* [WORK ORDER]
Take the lines from the one with "- Size: HAPPY" to the end of the listing, both ends included, and quote them exactly, leaving pictures out.

* [DATA FOR ANALYSIS]

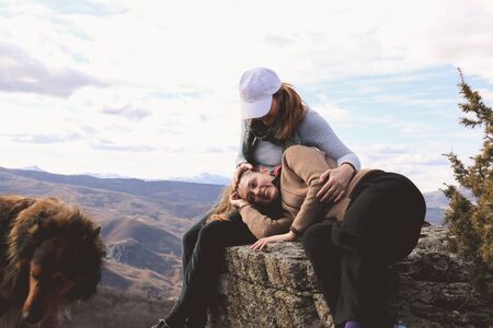 beautiful couple and a dog have a rest near the road and on a hill
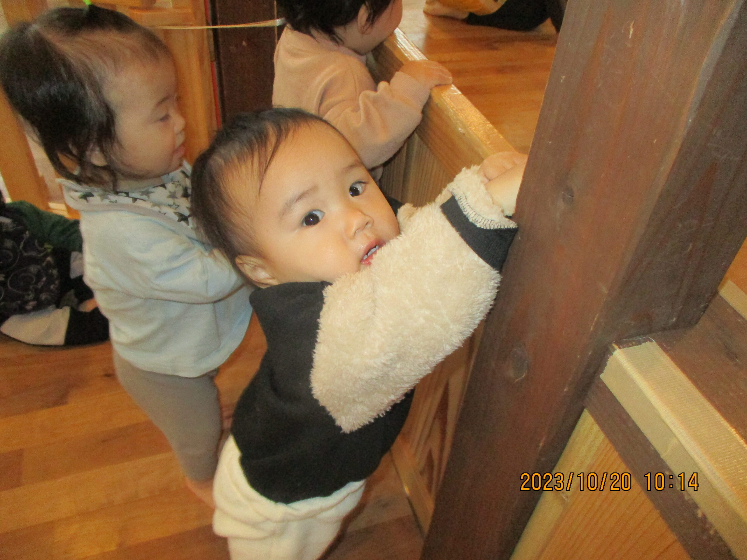 升は、動物が入るにはちょうどいい大きさで、中に入っている動物を見つけて喜んでいました!最後の写真は隣りの部屋をのぞく子ども達です。すっかり背が伸びて見える景色も変わった気がします。
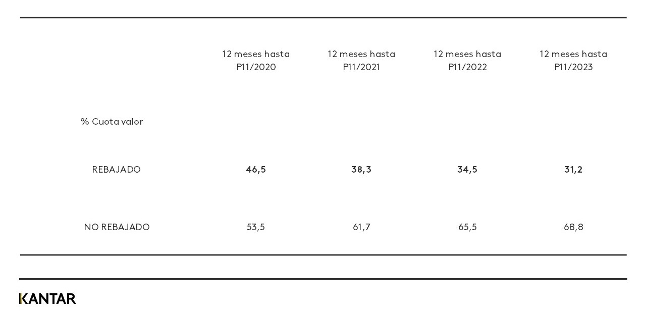 A pesar de ello, durante los últimos años comprar con algún tipo de rebajas parece estar siendo menos atractivo para los consumidores, pues cada vez se adquieren menos prendas bajo este reclamo de precios bajos.
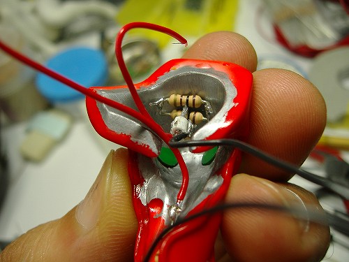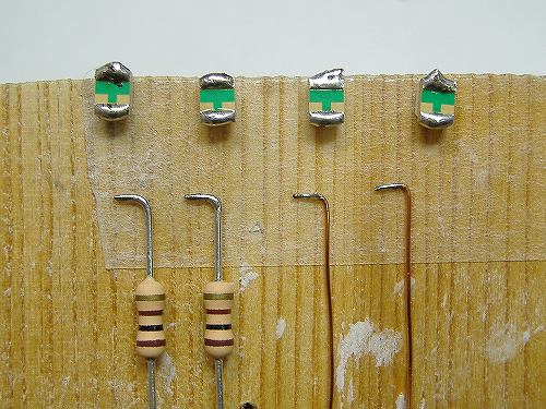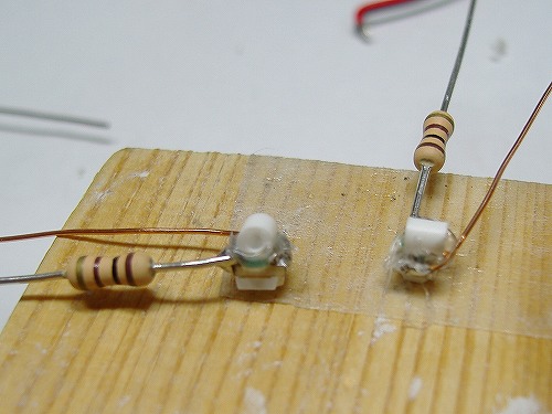 これはLED、抵抗、エナメル線に下ハンをほどこしたところ。
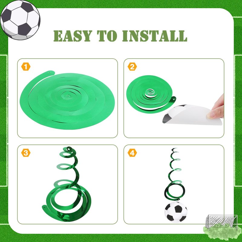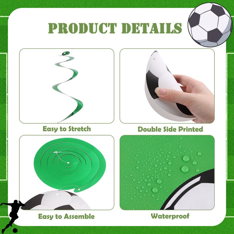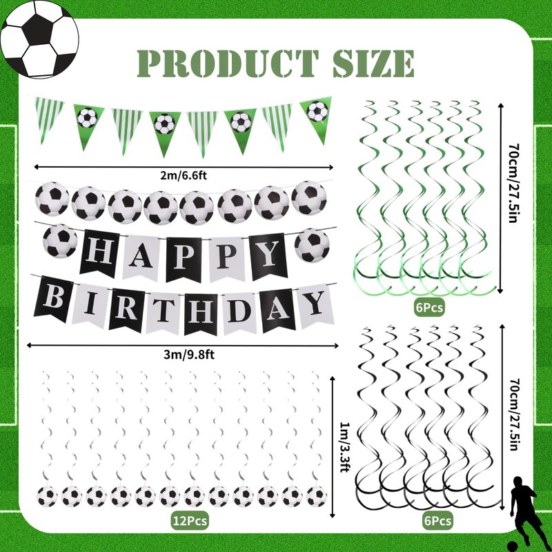 - Size: HAPPY BIRTHDAY banners 3m/9.8ft, soccer banners 3m/9.8ft, triangle flags 2.1m/6.9ft, hanging swirl soccer cutouts 1m/36in, spiral streamers 0.7m/27.5inch; Add a festive touch to your soccer themed party with these vibrant soccer hanging decorations;
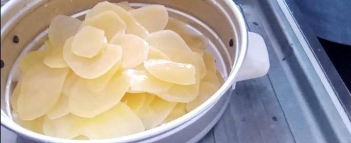 步驟三、將過瞭涼水的土豆片放入蒸鍋裡晾幹水分。

* [TASK SOLUTION]
 - Size: HAPPY BIRTHDAY banners 3m/9.8ft, soccer banners 3m/9.8ft, triangle flags 2.1m/6.9ft, hanging swirl soccer cutouts 1m/36in, spiral streamers 0.7m/27.5inch; Add a festive touch to your soccer themed party with these vibrant soccer hanging decorations;
 步驟三、將過瞭涼水的土豆片放入蒸鍋裡晾幹水分。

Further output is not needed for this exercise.